Review: Nathan Hale's Hazardous Tales

Nathan Hale's Hazardous Tales
By Nathan Hale
One Dead Spy
Published 2012 by Harry N. Abrams
Big Bad Ironclad!
Published 2012 by Harry N. Abrams
Donner Dinner Party
Published 2013 by Harry N. Abrams
Join Revolutionary War spy Nathan Hale on an irreverent romp through history in this series by present-day Nathan Hale (no joke, that's the author's real name). In One Dead Spy, learn the story of Hale himself (the historical one, not the current one) and his famous last words. Big Bad Ironclad! relates the story of the iron warships first built and used in the Civil War. Finally, Donner Dinner Party tackles that horrific and fascinating expedition westward of the Donner family and its tragic consequences.
I first heard about this series from Betsy Bird (of the famed Fuse #8 blog). She was overwhelmingly enthusiastic about the series and I took her enthusiasm to heart. I pestered my fellow librarian to order them for our graphic novel collection and snatched them up as soon as they arrived in the building. I do not regret this decision.
I love this series. It is fun and educational, told in an exciting and attention-grabbing way. The graphic novel format is, I think, particularly well-suited to non-fiction. The visual format gets readers' attention in a way that straightforward text likely would not. What I really like about Hale's series is that he chooses to focus on one small story at a time. There are so many to choose from in history that I have hopes this series will continue for a long time in the future.

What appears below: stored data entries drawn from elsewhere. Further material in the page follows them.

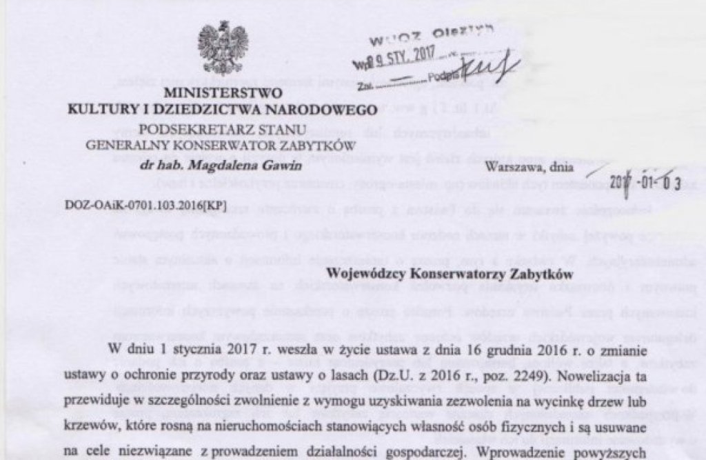 Przedstawiamy okólnik Generalnego Konserwatora Zabytków zawierający informacje na temat zasad udzielania pozwoleń na wycinkę drzew na terenach wpisanych do rejestru zabytków.
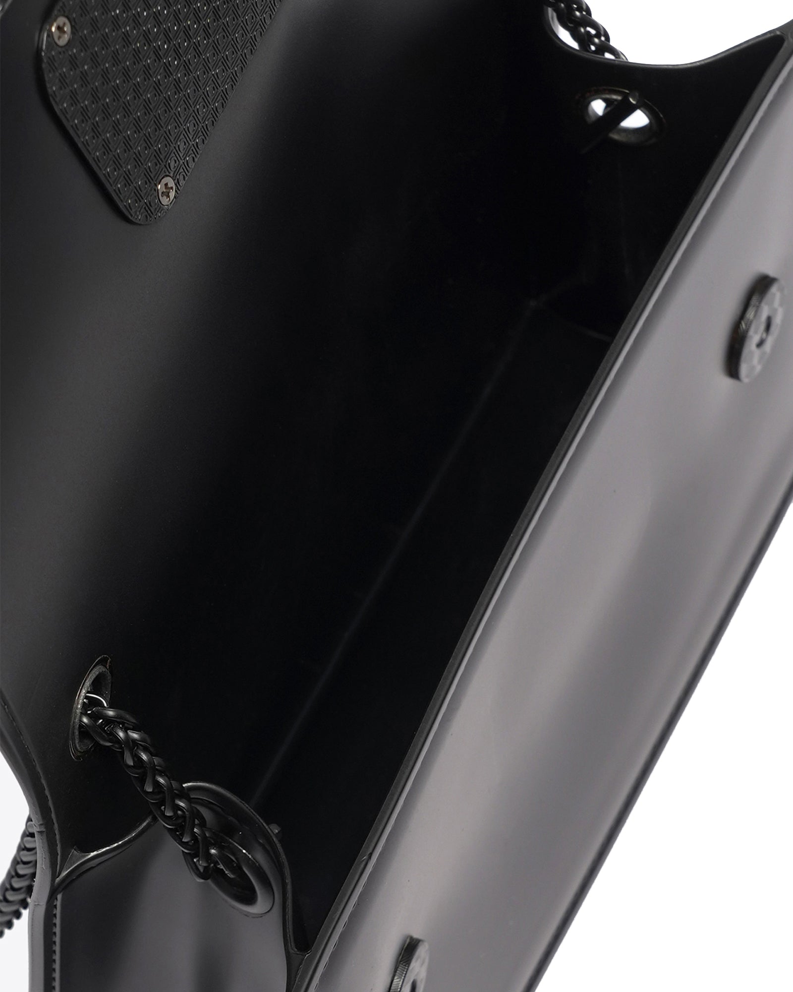 Women's handbag. The closure is with magnetic button. The internal pockets are absent. The external pockets are absent. The shoulder strap is chain. The handle is absent. The internal compartments are one. The external material is PVC. Internally it is PVC. Measurements: 20x13x7.6 cm. Fashion product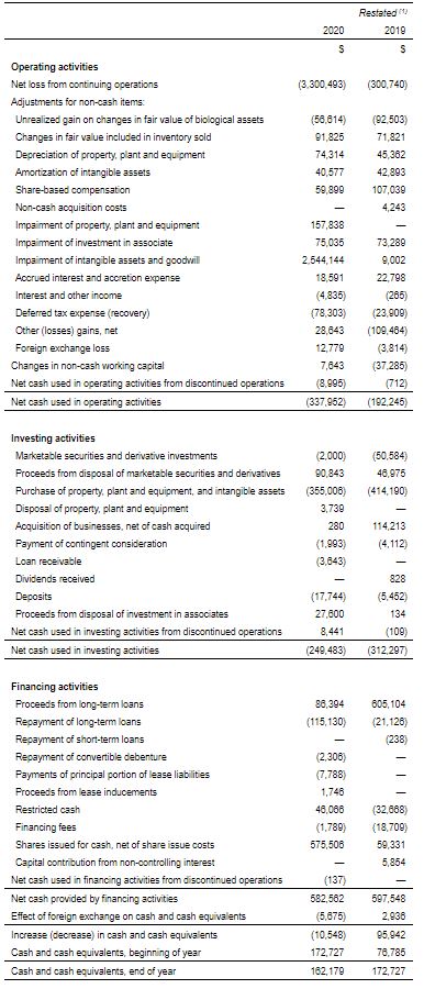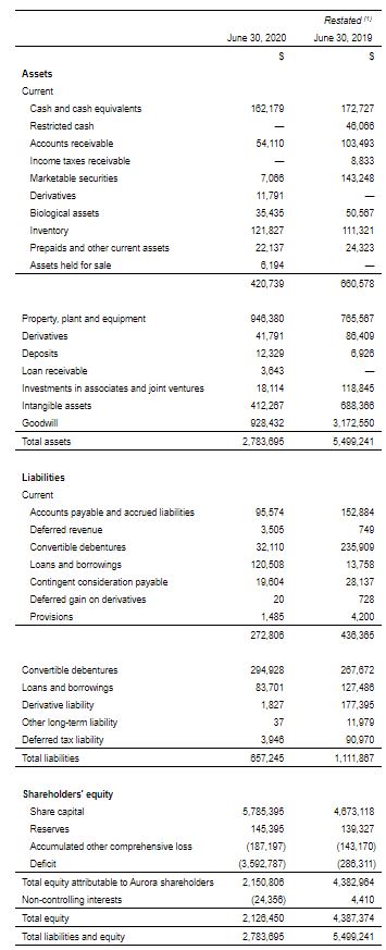 - Aurora recorded a number of balance sheet adjustments in Q4 2020 to recognize market realities and position the Company for future performance. These adjustments include fixed asset impairment charges of $86.5 million due to production facility rationalization, and a charge of $135.1 million in the carrying value of certain inventory, predominantly trim, in order to align inventory on hand with near term expectations for demand. Of the $135.1 million inventory impairment, $105.5 million is recognized through cost of sales and $29.6 million is recognized through changes in fair value of inventory sold on the statements of comprehensive loss. Finally, the Company recognized a non-cash write-down of goodwill and intangible assets of $1.6 billion.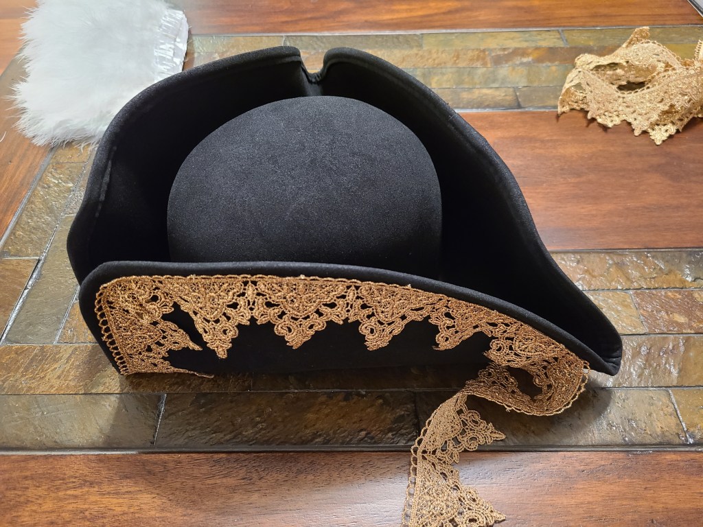 I keep a wall of hats above my shelves of board games, as kind of a thematic backdrop, especially with the RPGs. One that needed to go on the wall is a pirate hat. However, most of the pirate hats I saw were disappointing to me. For one thing, ever since my childhood, this has been my idea of THE pirate hat: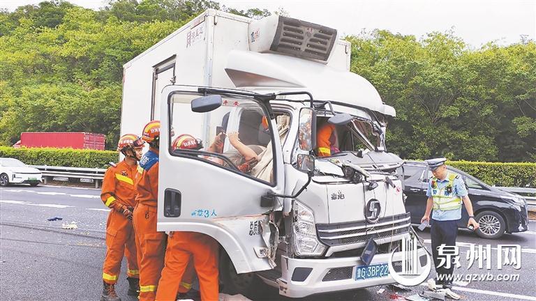 泉州网6月19日讯(融媒体记者傅恒 通讯员杨福 郭云霞 文/图)6月17日14时13分许,沈海高速枫亭往泉港方向距离泉港收费站500米处,一辆小货车与大货车相撞,一名人员被困。接警后,泉港区南埔消防救援站立即出动救援力量赴现场处置。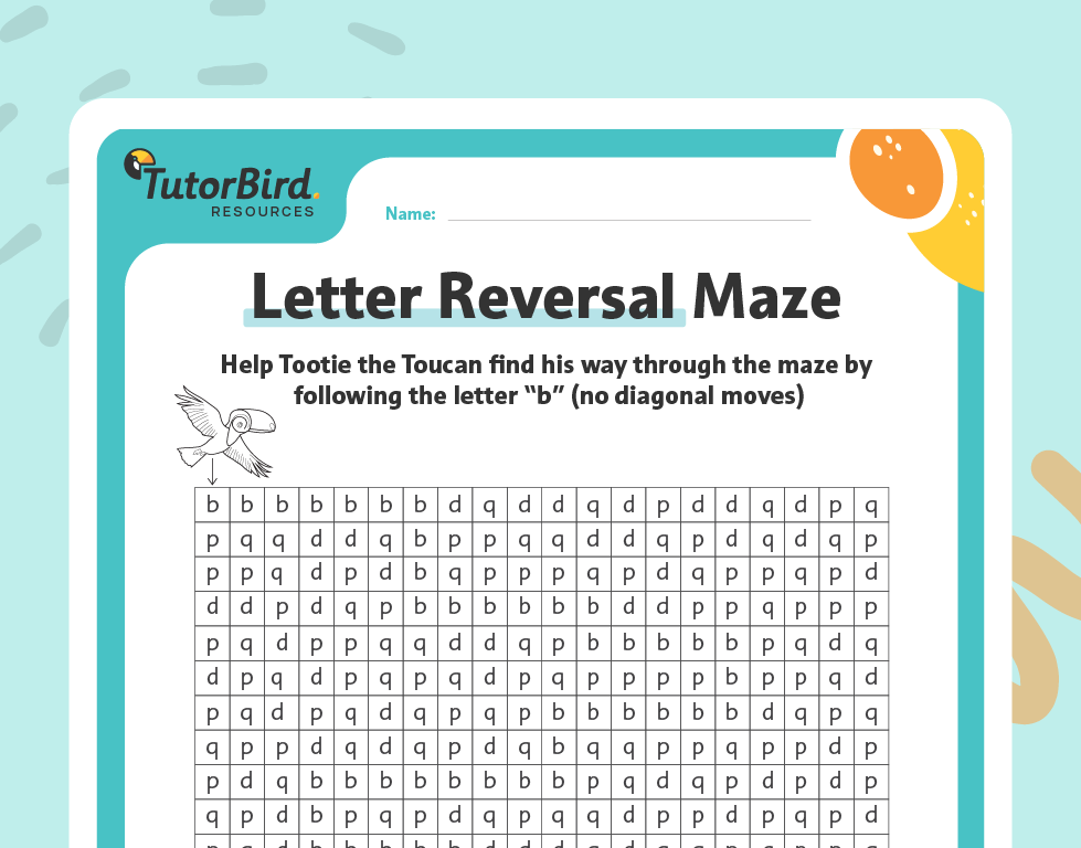Help Tootie the Toucan find his way through the maze by following the letter "b".
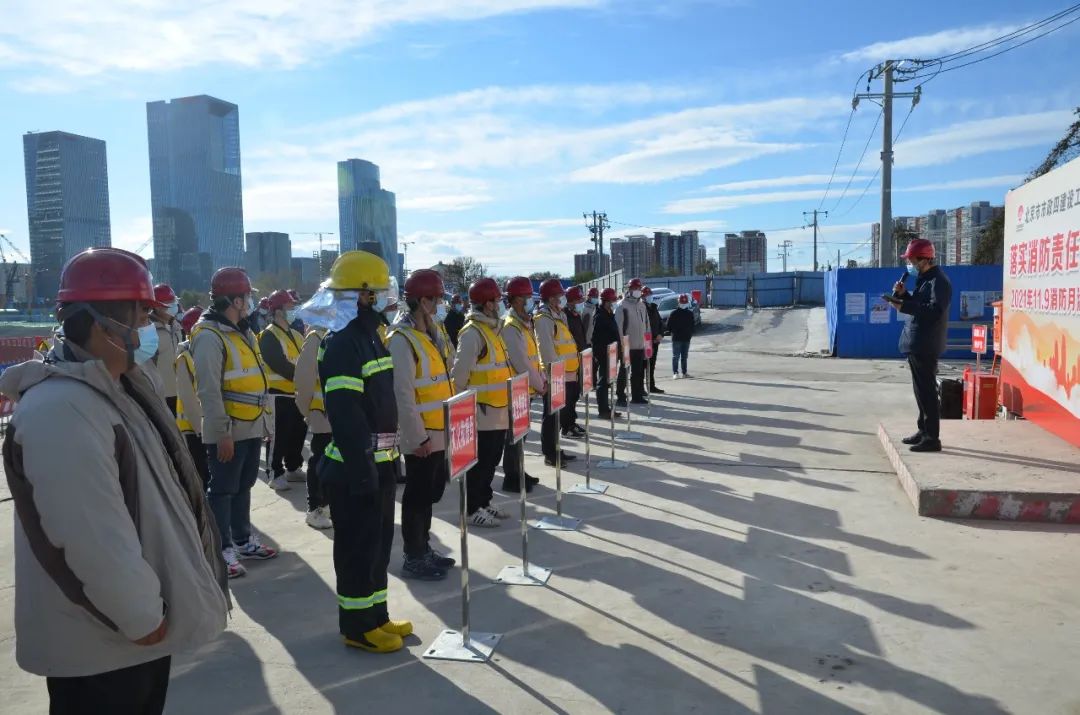 为持续增强消防安全意识,做好秋冬季火灾防控工作,深入贯彻落实消防月活动安排,围绕“落实消防责任,防范安全风险”的消防月主题,公司在北京地铁16号线20标丽泽始发井施工现场组织召开2021年度“119”消防月宣传日活动暨冬防工作现场会,公司副总经理陈建华、安全总监徐耕、各部室代表,京内各单位书记、安全负责人、行政后勤负责人参加活动,活动由安全管理部副部长胡林涛主持。

Admittedly, I read the books out of order - Big Bad Ironclad! arrived before the others, so I picked that one up first. It took me a little bit longer to figure out the frame story (the stories are told as Hale attempts to delay his hanging; when he utters his famous last words, he makes history, is sucked up by a history book, and spit back out with all the stories of history now in his brain), but Hale does a pretty decent job of catching up readers who pick them up out of order like me.
The frame story is a great way to tell these stories - it makes Hale a character, as well as the two men attending his execution. The hangman provides plenty of comic relief, which particularly comes in handy during Donner Dinner Party. I really, really think Hale has struck upon a genius idea for this series.
I love the art as well. I love that each book is told primarily with one major color (red, then blue, then green) - it makes the artwork even more visually appealing.
I don't have much else to say except I heartily recommend this series to all readers and I'm really looking forward to more entries in the future.
Oh, and as a plus, I just found out that One Dead Spy is a 2014-15 Bluebonnet title, so I can't wait for kids to discover this series!